Selon des sources documentaires en provenance des milieux anglophones de la colonie, le choix d’Hertel de Rouville suscita une réprobation si générale parmi ses concitoyens montréalais que, n’eussent été les événements qui troublèrent la province à la veille de l’invasion américaine, ils auraient pétitionné contre cette nomination. Du côté de la minorité britannique, l’on réprouva tout particulièrement les moyens utilisés par Hertel de Rouville pour se faire valoir auprès des autorités coloniales. Il était de notoriété publique que le nouveau juge n’avait pas hésité à agir en « sycophante » pour courtiser l’administration gouvernementale : « M. de Rouville est remarquable par son empressement à saisir toutes les occasions de se jeter sur le chemin des Anglais de Montréal (parce qu’il parle un peu anglais), pour ramasser toutes les histoires qu’il peut, afin de les envoyer au Gouverneur. » Et de fait, moins d’un mois avant sa nomination, il avait rapporté au gouverneur Carleton son altercation avec Thomas Walker, sur la place du Marché de Montréal. Walker ayant déclaré publiquement « que les Peuples des Colonies [américaines] étaient de braves gens qui ne voulaient pas être Esclaves et qui Défendraient leur Liberté et leurs Droits tant qu’ils auraient du sang », Rouville rétorqua à haute voix à ce sympathisant de la cause révolutionnaire : « Ces gens qui vous écoutent ainsi que moi n’ont jamais été Esclaves, pas plus que vous ; et notre soumission au Roi et à son Gouvernement nous assure que nous serons toujours libres. »

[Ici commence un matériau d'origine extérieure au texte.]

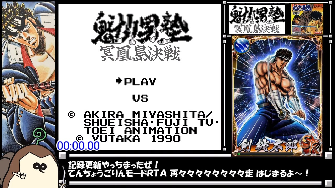 (たぶん)人類初の7分40秒台です。<br>まだ出ます、がんばります。<br><br>Q.ソシャゲおもしろい?<br>A.・・・カードのイラストカッコいいですよ!<br><br><プレイ環境や条件><br>レトロフリークにてプレイ<br><br>タイマーは録画した動画に編集で追加したものです<br><br>タイマースタート:『てんちょうごりんモード』を選択した瞬間<br>タイマーストップ:『完』の文字が出切った瞬間<br><br><動画作成でお世話になりました><br>魁!!男塾 作者:宮下あきら様<br> <a href="https://www.s-manga.net/items/contents.html?isbn=4-08-617521-5" target="_blank" rel="noopener nofollow">https://www.s-manga.net/items/contents.html?isbn=4-08-617521-5</a><br> <a href="https://www.nihonbungeisha.co.jp/goraku/otokojuku/" target="_blank" rel="noopener nofollow">https://www.nihonbungeisha.co.jp/goraku/otokojuku/</a><br><br>ソーシャルゲーム 魁!!男塾~連合大闘争編~<br> <a href="https://www.visualize.co.jp/business/game/" target="_blank" rel="noopener nofollow">https://www.visualize.co.jp/business/game/</a><br><br>VOICEVOX:WhiteCUL<br> <a href="https://voicevox.hiroshiba.jp/" target="_blank" rel="noopener nofollow">https://voicevox.hiroshiba.jp/</a><br> <a href="https://www.whitecul.com/" target="_blank" rel="noopener nofollow">https://www.whitecul.com/</a><br><br>左下 キュイ族 マチャーのイラスト:知り合いの絵師FJWRRY様<br> <br><過去のRTA動画><br>【初 走】<a href="https://www.nicovideo.jp/watch/sm44038010" class="watch">sm44038010</a><br>【再 走】<a href="https://www.nicovideo.jp/watch/sm44048854" class="watch">sm44048854</a><br>【再 々 走】<a href="https://www.nicovideo.jp/watch/sm44065747" class="watch">sm44065747</a><br>【再々々走】<a href="https://www.nicovideo.jp/watch/sm44090912" class="watch">sm44090912</a><br>【再々々々走】<a href="https://www.nicovideo.jp/watch/sm44135185" class="watch">sm44135185</a><br>【再々々々々走】<a href="https://www.nicovideo.jp/watch/sm44161616" class="watch">sm44161616</a><br>【再々々々々々走】<a href="https://www.nicovideo.jp/watch/sm44229688" class="watch">sm44229688</a><br>【再々々々々々々走】<a href="https://www.nicovideo.jp/watch/sm44352376" class="watch">sm44352376</a><br>【再々々々々々々々走】<a href="https://www.nicovideo.jp/watch/sm44494593" class="watch">sm44494593</a><br><br><小ネタ動画><br>【パスワード第一弾】<a href="https://www.nicovideo.jp/watch/sm44178271" class="watch">sm44178271</a><br>【パスワード第二弾】<a href="https://www.nicovideo.jp/watch/sm44204226" class="watch">sm44204226</a><br>【パスワード第三弾】<a href="https://www.nicovideo.jp/watch/sm44288987" class="watch">sm44288987</a><br>【助っ人であーるっ!】<a href="https://www.nicovideo.jp/watch/sm44402195" class="watch">sm44402195</a>

De son propre aveu, par sa « conduite et [son] zèle » de loyal sujet de Sa Majesté, Hertel de Rouville s’« attira la colère des Rebelles qui la [lui] firent sentir aussitôt qu’ils furent en possession de la ville de Montréal ». Il ne tarda pas, en effet, à tomber sous la férule intempestive du général de brigade David Wooster qui, après la mort de Richard Montgomery, était devenu le principal commandant de l’occupation américaine. En janvier 1776, Wooster, ayant décidé de procéder manu militari à l’expulsion des plus notables Loyalistes de la ville, « donna ordre à M. Hertel. de Rouville de se préparer à partir pour les colonies ». Malgré la protestation des citoyens de Montréal, le malheureux magistrat en fut quitte pour prendre la route du lac Champlain et être « détenu Prisonier pendant dix huit mois ».

Dès son retour dans la province, Hertel de Rouville fut réintégré dans ses fonctions de magistrat, à titre de juge de la Cour des plaids communs du district de Montréal, par suite de l’ordonnance du 25 février 1777 qui, entre-temps, avait établi une telle cour de justice dans chacun des deux principaux districts de la province. Durant la majeure partie de ses 15 dernières années de vie, ce fidèle collaborateur du nouveau régime y siégea en compagnie de deux autres collègues, les honorables Edward Southouse et John Fraser. C’est avec ce dernier, qui avait déjà une longue expérience comme juge et qui, par surcroît, faisait partie du French party au sein du Conseil législatif, qu’Hertel de Rouville s’entendit le mieux pour fonctionner selon ses méthodes favorites.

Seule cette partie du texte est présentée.